From Cuervo AM, Wong ES, Martinez-Vicente M. Protein degradation, aggregation, and misfolding. Mov Disord 2010;25(Suppl 1):S49–54.

PARK6 (PINK1), PARK7 (DJ-1), and PARK8 (LRRK2)

The PARK8 mutation is the one with the highest prevalence for PD of all the known gene mutations. The protein dardarin (also known as leucine rich repeat kinase 2 (LRRK2) has GTPase and kinase enzymatic domains plus at least two protein–protein interaction domains (Hardy et al., 2006). The common G2019S mutation and an adjacent mutation are located at the N-terminal portion in the kinase domain. This site contains the Mg²⁺ ion required for kinase function. Mutated LRRK2 is disinhibited and has increased kinase activity and induces a progressive reduction in neurite length and branching both in primary neuronal cultures and in the intact rodent CNS (MacLeod et al., 2006). In contrast, LRRK2 deficiency leads to increased neurite length and branching (MacLeod et al., 2006).

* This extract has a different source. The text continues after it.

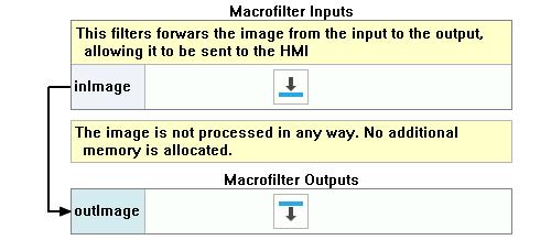Inside the ForwardImage macrofilter darg the Image input to the Macrofilter outputs section. Thank to that the image is forwarded from the input to the output, allowing it to be sent to the HMI. The image is not processed in any way. No additional memory is allocated.

Because most patients with PARK8 have Lewy bodies, the biochemical defect appears to be upstream of α-synuclein, but because some patients do not have Lewy bodies and may have other inclusions, such as tau tangles, the exact pathogenesis of PARK8’s effect is still not clear.

PINK1 harbors a mitochondrial targeting motif and a serine/threonine kinase domain (Valente et al., 2004). PINK1 protein appears to accumulate within the intermembrane space of mitochondria (Silvestri et al., 2005). There is genetic interaction between PINK1 and parkin; Drosophila deficient in PINK1 can be restored to health with overexpression of parkin, but not vice versa (Abeliovich and Beal, 2006). This suggests a genetic pathway, with parkin functioning downstream of PINK1.

DJ-1 appears to play a role in protecting against oxidative stress, including that produced by dopamine (Lev et al., 2009). DJ-1 deficiency sensitizes dopamine neurons to oxidative stressors in vitro and in the intact CNS (Abeliovich and Beal, 2006). Over-expression appears to protect against oxidative insults.